But in the end, he was going down.
SEVENTEEN
NOT EVEN CLOSE
I was in the kitchen in my apartment, close to being finished with decorating the birthday cake I was delivering that evening.
I’d also whipped up a quick batch of cupcakes to give to Duane that night.
And I’d packed all the stuff I was going to lug to SC the next day to start on my other weekly orders that afternoon.
Therefore, I was good to get what I needed to get done, hit the motel with my team after Shanti, Harlow and Jessie’s shift was over, and then get home to have lots of sex with Gabe.
Sure, after very little sleep, I was dragging.
But now Sunday was only four days away.
This was where I was at when I heard two sharp raps on the door, the locks started to go, and I smiled to myself because I knew it was Gabe.
A surprise visit.
Nice.
And it was Gabe.
But my smile died the minute I caught the look on his face.

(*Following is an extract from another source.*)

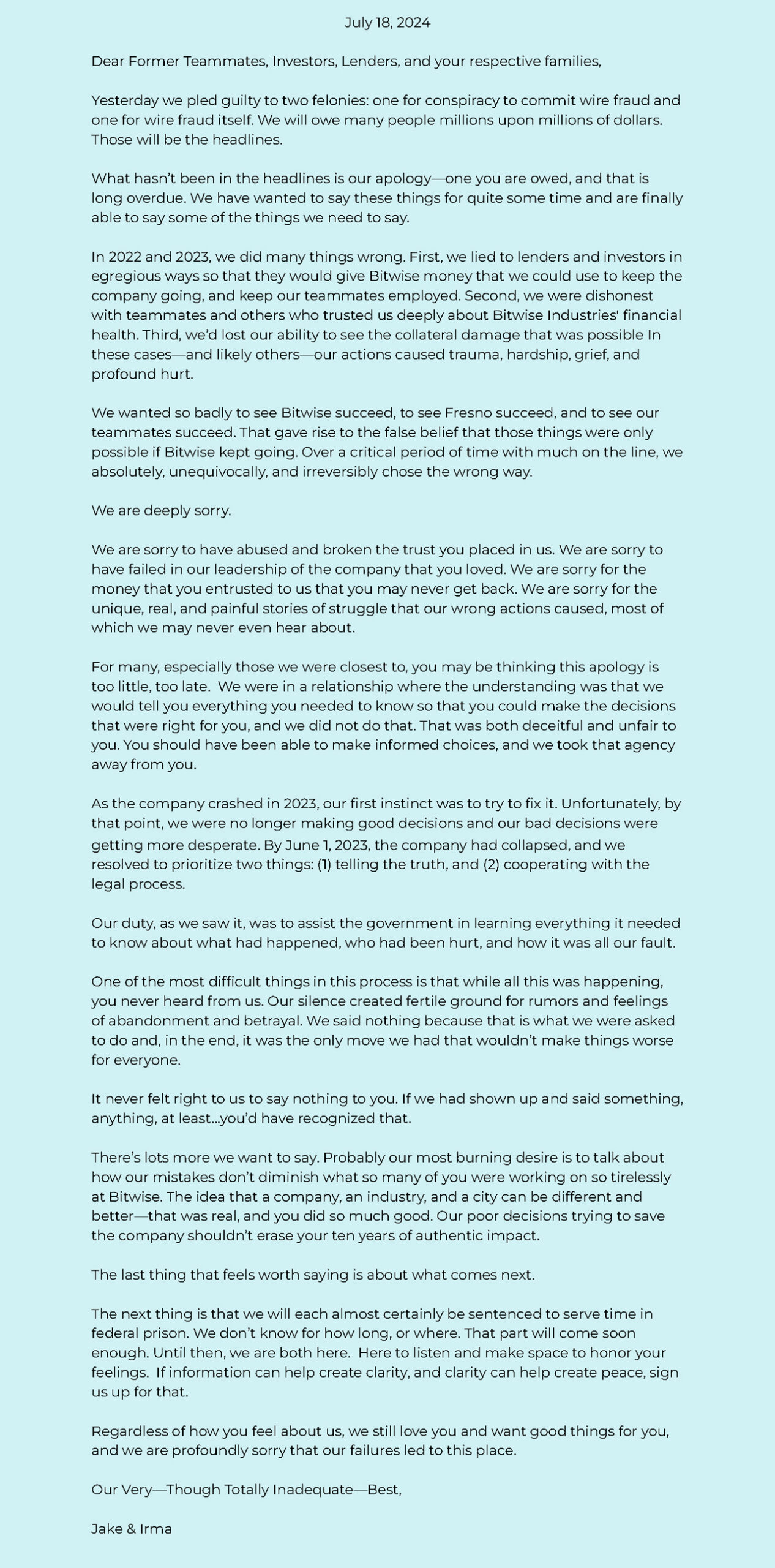 - Criminally guilty former Bitwise CEOs Irma Olguin Jr. and Jake Soberal issue an apology.

“What—?” I began as he prowled to me, his expression thunder, his eyes a storm.
But that was all I got out before he shoved his phone, screen out, at me.
“You didn’t tell me about this,” he growled.
Completely flipped out at how mad he oh-so-obviously was, and completely mystified as to why he would be, I tore my eyes from his face and looked at his phone.
At what I saw, like any time that shit reared its ugly head, my lungs deflated, and my heart felt like it was going to explode.
“What the fuck, Willow?” he demanded.
On his phone was an old social media post about me being easy in high school, when I was not easy.
Even if I was, it was nobody’s business.
And to be easy, boys had to be easy too, so I shouldn’t have had to bear the brunt of it.
Then again, it happened in high school, so at that time, I hadn’t progressed enough in my thinking to understand everyone was being more of an asshole than they were actually assholes by putting me through all of that.
“How did you—?” I began.
He pulled the phone from my face. “When all the shit kicked off with the Angels, Brody did deep dives on all of you. As you add Angels, he does the research. He heard about us getting together, he thought I’d want to know.”
I’d never met this Brody, but when I did, I was going to kick him in the shin.
But now, I had to deal with…
Whatever this was.
I was shedding the residual fear and anxiety that automatically surfaced with any reminder of all of that and how it felt at the time, and I was beginning to get ticked because I wasn’t a fan of being confronted with it like I’d done something wrong, when I hadn’t.